I may not get as much done in a day as I want to, but I'm still able to write my blog, and even work on a new book. I get to spend time with my local grandkids every week. I can see well enough to read my Bible each day, and play my guitar and sing praise to God. I make time to work in the yard and finish some inside projects, even if I pay for it with more pain the next day. And, of course, there's always laundry to do, and the kitchen to clean, and errands to run. By the grace of God, I can accomplish everything I need to do, because he makes it possible. But as for me, how good it is to be near God! I have made the Sovereign Lord my shelter, and I will tell everyone about the wonderful things you do. (Psalm 73:28)

I don't often talk or write about my health concerns, because they have been with me, in one form or another, for most of my adult life. I've learned to live with it and, most of the time, the people around me haven't realized I have any significant health issues. Even some of my doctors have made a point of telling me that I'm "in good shape for the shape I'm in." However, in recent months, people have begun to notice my diet changes and occasional movement difficulties, so I've decided to let you know what's going on. I'm certainly not looking for sympathy; instead I want to encourage you to take care of the body God has given you. Eat right, get some exercise every day, even when you don't feel like it, so you can keep on keeping on, doing those things God has left for you to do in this world.
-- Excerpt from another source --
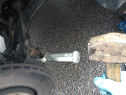 7Dii_IMG_1458Take the nut off, and using a ball splitter, and in my case, a little persuader in the form of a 4lb club hammer (right) pry the bolt out of the hub carrier.

Not too long ago, I was reading Psalm 73, and I realized that the words found there applied to me, and probably to a lot of other people, as well. That led to a new song, taken directly from the psalm, called God Remains. You can listen to it here:


I encourage you to read Psalm 73 for yourself. And for those of you who would like to read the lyrics for this song, here they are:

My health may fail, and my spirit may grow weak,
But God remains the strength of my heart, the strength of my heart, forever.
He is mine forever, forever.

Even when I almost lose my footing, and I get nothing but trouble all day long;
Every single morning brings me pain, while the wicked prosper, they always prosper.

Even when my heart was oh, so bitter, and I was all torn up deep inside;
I was ignorant and such a senseless fool, yet even then, I belonged to you.

Who have I in heaven but you? I want you more than anything on earth.
Come, guide me with your counsel, and hold on to my hand, on to my hand.

My health may fail, and my spirit may grow weak,
But God remains the strength of my heart, the strength of my heart, forever.
He is mine forever, forever.

How good it is to be near my God. The sovereign Lord will always be my shelter.
And I will tell everyone about the things you do, the wonderful things you do.

My health may fail, and my spirit may grow weak,
But God remains the strength of my heart, the strength of my heart forever.
He is mine forever; he is mine forever; he is mine forever, forever.